◆ DATA
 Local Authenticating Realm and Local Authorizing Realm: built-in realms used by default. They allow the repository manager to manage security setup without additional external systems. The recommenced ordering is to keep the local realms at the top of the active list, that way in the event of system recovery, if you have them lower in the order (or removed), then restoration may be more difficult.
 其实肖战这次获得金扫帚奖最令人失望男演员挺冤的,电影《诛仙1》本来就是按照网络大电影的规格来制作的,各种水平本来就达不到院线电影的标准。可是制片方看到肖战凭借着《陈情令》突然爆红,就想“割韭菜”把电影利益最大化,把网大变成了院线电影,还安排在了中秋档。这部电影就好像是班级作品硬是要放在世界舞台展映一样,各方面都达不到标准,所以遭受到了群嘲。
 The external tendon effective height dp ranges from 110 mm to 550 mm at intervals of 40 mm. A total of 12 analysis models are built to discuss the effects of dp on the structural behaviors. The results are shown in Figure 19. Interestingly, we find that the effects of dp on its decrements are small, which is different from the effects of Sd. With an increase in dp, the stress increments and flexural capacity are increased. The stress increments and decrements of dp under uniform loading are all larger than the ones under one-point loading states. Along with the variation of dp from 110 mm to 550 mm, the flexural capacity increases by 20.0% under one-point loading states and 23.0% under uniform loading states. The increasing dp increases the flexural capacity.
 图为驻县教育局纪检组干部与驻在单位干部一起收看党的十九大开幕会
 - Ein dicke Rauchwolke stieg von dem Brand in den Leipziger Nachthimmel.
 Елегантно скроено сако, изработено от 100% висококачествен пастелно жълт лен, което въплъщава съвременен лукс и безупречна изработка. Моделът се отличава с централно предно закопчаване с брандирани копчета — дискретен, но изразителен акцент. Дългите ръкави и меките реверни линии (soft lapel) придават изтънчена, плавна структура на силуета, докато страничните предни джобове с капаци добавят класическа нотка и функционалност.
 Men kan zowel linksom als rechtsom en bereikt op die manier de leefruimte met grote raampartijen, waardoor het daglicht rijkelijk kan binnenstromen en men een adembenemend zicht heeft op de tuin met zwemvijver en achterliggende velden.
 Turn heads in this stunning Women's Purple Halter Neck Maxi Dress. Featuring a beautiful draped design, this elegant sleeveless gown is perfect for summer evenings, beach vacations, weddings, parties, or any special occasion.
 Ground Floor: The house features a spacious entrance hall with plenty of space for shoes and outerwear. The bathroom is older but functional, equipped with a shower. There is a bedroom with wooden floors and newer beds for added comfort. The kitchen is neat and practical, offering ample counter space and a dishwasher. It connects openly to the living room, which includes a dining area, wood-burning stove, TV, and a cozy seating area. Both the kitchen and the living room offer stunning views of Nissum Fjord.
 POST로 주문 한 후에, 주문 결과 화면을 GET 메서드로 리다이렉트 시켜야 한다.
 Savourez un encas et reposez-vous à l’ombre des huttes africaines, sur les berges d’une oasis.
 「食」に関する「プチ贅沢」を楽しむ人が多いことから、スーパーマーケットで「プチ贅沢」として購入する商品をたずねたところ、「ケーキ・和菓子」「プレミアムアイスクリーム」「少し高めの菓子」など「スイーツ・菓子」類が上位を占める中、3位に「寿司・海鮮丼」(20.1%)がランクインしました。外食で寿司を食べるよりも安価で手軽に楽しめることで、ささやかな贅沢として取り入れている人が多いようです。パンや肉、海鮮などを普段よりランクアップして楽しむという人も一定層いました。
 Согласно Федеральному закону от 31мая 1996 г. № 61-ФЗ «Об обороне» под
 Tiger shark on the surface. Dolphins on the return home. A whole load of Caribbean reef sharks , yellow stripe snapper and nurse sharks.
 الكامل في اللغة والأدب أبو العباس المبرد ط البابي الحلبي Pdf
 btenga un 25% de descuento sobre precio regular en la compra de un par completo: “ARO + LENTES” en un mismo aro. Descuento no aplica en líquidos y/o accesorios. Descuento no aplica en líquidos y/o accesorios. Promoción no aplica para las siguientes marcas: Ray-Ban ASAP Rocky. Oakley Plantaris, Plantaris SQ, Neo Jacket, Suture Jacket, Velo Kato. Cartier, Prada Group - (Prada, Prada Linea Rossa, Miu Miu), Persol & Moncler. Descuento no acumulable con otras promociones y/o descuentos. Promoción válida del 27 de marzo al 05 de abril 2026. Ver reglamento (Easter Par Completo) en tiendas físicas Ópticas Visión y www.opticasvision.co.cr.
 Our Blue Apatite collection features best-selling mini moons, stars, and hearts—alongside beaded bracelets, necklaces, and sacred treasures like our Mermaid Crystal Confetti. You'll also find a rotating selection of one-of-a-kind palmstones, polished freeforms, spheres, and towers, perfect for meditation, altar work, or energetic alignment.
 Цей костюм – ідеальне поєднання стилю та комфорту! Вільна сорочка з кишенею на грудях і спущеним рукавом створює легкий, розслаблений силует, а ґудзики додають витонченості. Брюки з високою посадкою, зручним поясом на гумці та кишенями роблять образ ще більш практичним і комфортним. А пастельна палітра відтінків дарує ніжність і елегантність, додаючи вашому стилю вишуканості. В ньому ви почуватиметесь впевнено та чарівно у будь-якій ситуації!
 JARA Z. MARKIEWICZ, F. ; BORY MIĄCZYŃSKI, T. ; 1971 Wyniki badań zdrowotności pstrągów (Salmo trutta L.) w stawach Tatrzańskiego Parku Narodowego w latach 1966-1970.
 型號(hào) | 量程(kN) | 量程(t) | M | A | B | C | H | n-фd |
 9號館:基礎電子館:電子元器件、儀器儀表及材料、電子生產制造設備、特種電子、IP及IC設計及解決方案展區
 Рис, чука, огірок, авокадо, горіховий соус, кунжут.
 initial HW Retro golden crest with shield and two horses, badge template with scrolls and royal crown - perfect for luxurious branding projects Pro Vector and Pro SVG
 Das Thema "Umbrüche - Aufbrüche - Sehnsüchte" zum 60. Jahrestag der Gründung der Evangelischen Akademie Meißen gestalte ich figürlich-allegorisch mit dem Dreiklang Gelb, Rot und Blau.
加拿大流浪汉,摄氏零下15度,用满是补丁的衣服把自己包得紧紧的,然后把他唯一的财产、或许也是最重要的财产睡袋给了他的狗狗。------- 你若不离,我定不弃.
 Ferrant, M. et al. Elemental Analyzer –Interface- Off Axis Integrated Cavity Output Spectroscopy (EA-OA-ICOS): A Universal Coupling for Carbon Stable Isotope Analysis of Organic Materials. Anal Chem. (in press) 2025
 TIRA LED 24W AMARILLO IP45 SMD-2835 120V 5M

◆ TASK TO CARRY OUT
Exactly as written above, set down the whole listing again.

◆ TASK RESPONSE
 Local Authenticating Realm and Local Authorizing Realm: built-in realms used by default. They allow the repository manager to manage security setup without additional external systems. The recommenced ordering is to keep the local realms at the top of the active list, that way in the event of system recovery, if you have them lower in the order (or removed), then restoration may be more difficult.
 其实肖战这次获得金扫帚奖最令人失望男演员挺冤的,电影《诛仙1》本来就是按照网络大电影的规格来制作的,各种水平本来就达不到院线电影的标准。可是制片方看到肖战凭借着《陈情令》突然爆红,就想“割韭菜”把电影利益最大化,把网大变成了院线电影,还安排在了中秋档。这部电影就好像是班级作品硬是要放在世界舞台展映一样,各方面都达不到标准,所以遭受到了群嘲。
 The external tendon effective height dp ranges from 110 mm to 550 mm at intervals of 40 mm. A total of 12 analysis models are built to discuss the effects of dp on the structural behaviors. The results are shown in Figure 19. Interestingly, we find that the effects of dp on its decrements are small, which is different from the effects of Sd. With an increase in dp, the stress increments and flexural capacity are increased. The stress increments and decrements of dp under uniform loading are all larger than the ones under one-point loading states. Along with the variation of dp from 110 mm to 550 mm, the flexural capacity increases by 20.0% under one-point loading states and 23.0% under uniform loading states. The increasing dp increases the flexural capacity.
 图为驻县教育局纪检组干部与驻在单位干部一起收看党的十九大开幕会
 - Ein dicke Rauchwolke stieg von dem Brand in den Leipziger Nachthimmel.
 Елегантно скроено сако, изработено от 100% висококачествен пастелно жълт лен, което въплъщава съвременен лукс и безупречна изработка. Моделът се отличава с централно предно закопчаване с брандирани копчета — дискретен, но изразителен акцент. Дългите ръкави и меките реверни линии (soft lapel) придават изтънчена, плавна структура на силуета, докато страничните предни джобове с капаци добавят класическа нотка и функционалност.
 Men kan zowel linksom als rechtsom en bereikt op die manier de leefruimte met grote raampartijen, waardoor het daglicht rijkelijk kan binnenstromen en men een adembenemend zicht heeft op de tuin met zwemvijver en achterliggende velden.
 Turn heads in this stunning Women's Purple Halter Neck Maxi Dress. Featuring a beautiful draped design, this elegant sleeveless gown is perfect for summer evenings, beach vacations, weddings, parties, or any special occasion.
 Ground Floor: The house features a spacious entrance hall with plenty of space for shoes and outerwear. The bathroom is older but functional, equipped with a shower. There is a bedroom with wooden floors and newer beds for added comfort. The kitchen is neat and practical, offering ample counter space and a dishwasher. It connects openly to the living room, which includes a dining area, wood-burning stove, TV, and a cozy seating area. Both the kitchen and the living room offer stunning views of Nissum Fjord.
 POST로 주문 한 후에, 주문 결과 화면을 GET 메서드로 리다이렉트 시켜야 한다.
 Savourez un encas et reposez-vous à l’ombre des huttes africaines, sur les berges d’une oasis.
 「食」に関する「プチ贅沢」を楽しむ人が多いことから、スーパーマーケットで「プチ贅沢」として購入する商品をたずねたところ、「ケーキ・和菓子」「プレミアムアイスクリーム」「少し高めの菓子」など「スイーツ・菓子」類が上位を占める中、3位に「寿司・海鮮丼」(20.1%)がランクインしました。外食で寿司を食べるよりも安価で手軽に楽しめることで、ささやかな贅沢として取り入れている人が多いようです。パンや肉、海鮮などを普段よりランクアップして楽しむという人も一定層いました。
 Согласно Федеральному закону от 31мая 1996 г. № 61-ФЗ «Об обороне» под
 Tiger shark on the surface. Dolphins on the return home. A whole load of Caribbean reef sharks , yellow stripe snapper and nurse sharks.
 الكامل في اللغة والأدب أبو العباس المبرد ط البابي الحلبي Pdf
 btenga un 25% de descuento sobre precio regular en la compra de un par completo: “ARO + LENTES” en un mismo aro. Descuento no aplica en líquidos y/o accesorios. Descuento no aplica en líquidos y/o accesorios. Promoción no aplica para las siguientes marcas: Ray-Ban ASAP Rocky. Oakley Plantaris, Plantaris SQ, Neo Jacket, Suture Jacket, Velo Kato. Cartier, Prada Group - (Prada, Prada Linea Rossa, Miu Miu), Persol & Moncler. Descuento no acumulable con otras promociones y/o descuentos. Promoción válida del 27 de marzo al 05 de abril 2026. Ver reglamento (Easter Par Completo) en tiendas físicas Ópticas Visión y www.opticasvision.co.cr.
 Our Blue Apatite collection features best-selling mini moons, stars, and hearts—alongside beaded bracelets, necklaces, and sacred treasures like our Mermaid Crystal Confetti. You'll also find a rotating selection of one-of-a-kind palmstones, polished freeforms, spheres, and towers, perfect for meditation, altar work, or energetic alignment.
 Цей костюм – ідеальне поєднання стилю та комфорту! Вільна сорочка з кишенею на грудях і спущеним рукавом створює легкий, розслаблений силует, а ґудзики додають витонченості. Брюки з високою посадкою, зручним поясом на гумці та кишенями роблять образ ще більш практичним і комфортним. А пастельна палітра відтінків дарує ніжність і елегантність, додаючи вашому стилю вишуканості. В ньому ви почуватиметесь впевнено та чарівно у будь-якій ситуації!
 JARA Z. MARKIEWICZ, F. ; BORY MIĄCZYŃSKI, T. ; 1971 Wyniki badań zdrowotności pstrągów (Salmo trutta L.) w stawach Tatrzańskiego Parku Narodowego w latach 1966-1970.
 型號(hào) | 量程(kN) | 量程(t) | M | A | B | C | H | n-фd |
 9號館:基礎電子館:電子元器件、儀器儀表及材料、電子生產制造設備、特種電子、IP及IC設計及解決方案展區
 Рис, чука, огірок, авокадо, горіховий соус, кунжут.
 initial HW Retro golden crest with shield and two horses, badge template with scrolls and royal crown - perfect for luxurious branding projects Pro Vector and Pro SVG
 Das Thema "Umbrüche - Aufbrüche - Sehnsüchte" zum 60. Jahrestag der Gründung der Evangelischen Akademie Meißen gestalte ich figürlich-allegorisch mit dem Dreiklang Gelb, Rot und Blau.
加拿大流浪汉,摄氏零下15度,用满是补丁的衣服把自己包得紧紧的,然后把他唯一的财产、或许也是最重要的财产睡袋给了他的狗狗。------- 你若不离,我定不弃.
 Ferrant, M. et al. Elemental Analyzer –Interface- Off Axis Integrated Cavity Output Spectroscopy (EA-OA-ICOS): A Universal Coupling for Carbon Stable Isotope Analysis of Organic Materials. Anal Chem. (in press) 2025
 TIRA LED 24W AMARILLO IP45 SMD-2835 120V 5M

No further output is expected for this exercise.